GIVEN INFORMATION:
——————

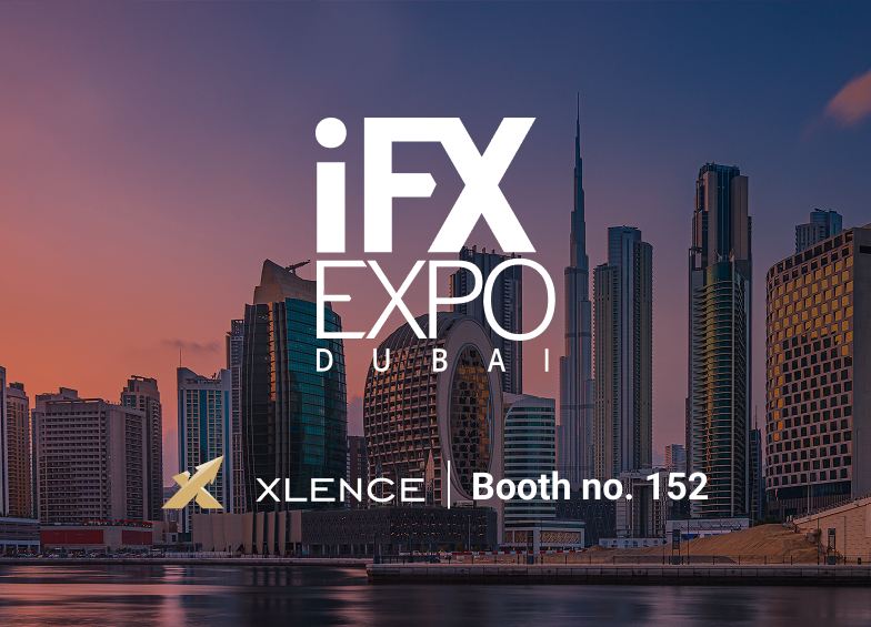 Golden podium-style bars with the Xlence logo, a speech bubble icon, and a globe, symbolizing global trading growth and important market events.
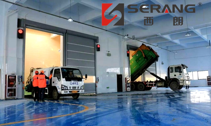 2、電軸式指卷在軸承上的快速升降門,類似的有快速卷簾門、大型快速堆積門、硬質(zhì)快速門,適合垃圾中轉(zhuǎn)站、餐廚垃圾站、環(huán)衛(wèi)垃圾站處理中心等,這些速度比較快,速度大于1.0m/s;每天開關(guān)頻次也高,可達(dá)600-800次,滿足車輛來(lái)回運(yùn)送垃圾的要求。
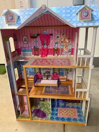 Kidkraft large doll house Great for pretend play Only 2-3 accessories are there. Measurements are : 48”tall, 32” length, 13” wide Good condition
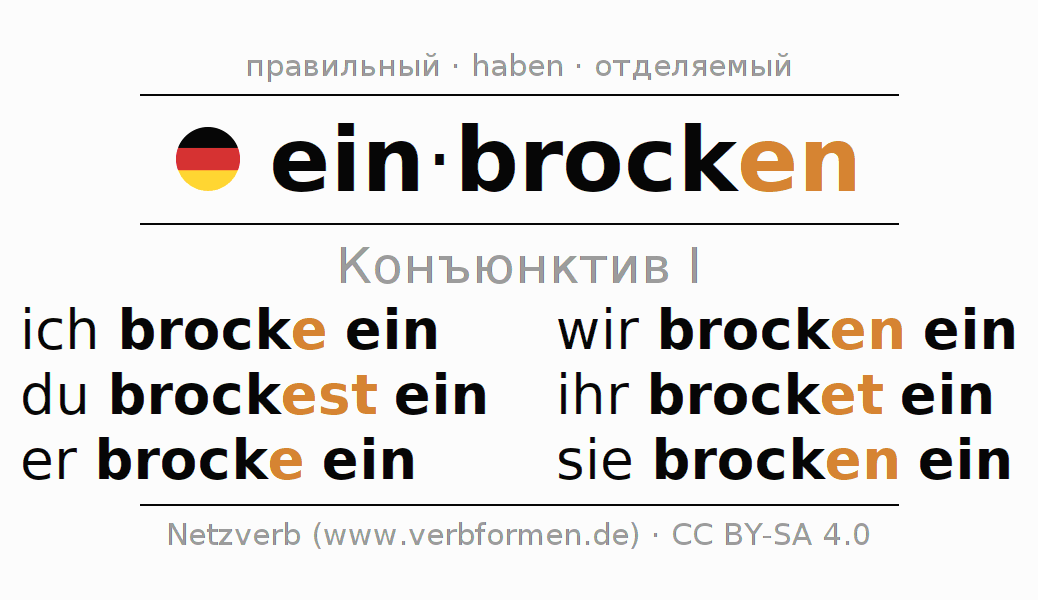 Этот глагол einbrocken полностью спрягается во всех лицах и числах Koнъюнктив Презенс.

——————

WHAT IS REQUIRED: Reproduce the listing exactly. The pictures are to be omitted.

ANSWER TO THE EXERCISE:
 Golden podium-style bars with the Xlence logo, a speech bubble icon, and a globe, symbolizing global trading growth and important market events.
 2、電軸式指卷在軸承上的快速升降門,類似的有快速卷簾門、大型快速堆積門、硬質(zhì)快速門,適合垃圾中轉(zhuǎn)站、餐廚垃圾站、環(huán)衛(wèi)垃圾站處理中心等,這些速度比較快,速度大于1.0m/s;每天開關(guān)頻次也高,可達(dá)600-800次,滿足車輛來(lái)回運(yùn)送垃圾的要求。
 Kidkraft large doll house Great for pretend play Only 2-3 accessories are there. Measurements are : 48”tall, 32” length, 13” wide Good condition
 Этот глагол einbrocken полностью спрягается во всех лицах и числах Koнъюнктив Презенс.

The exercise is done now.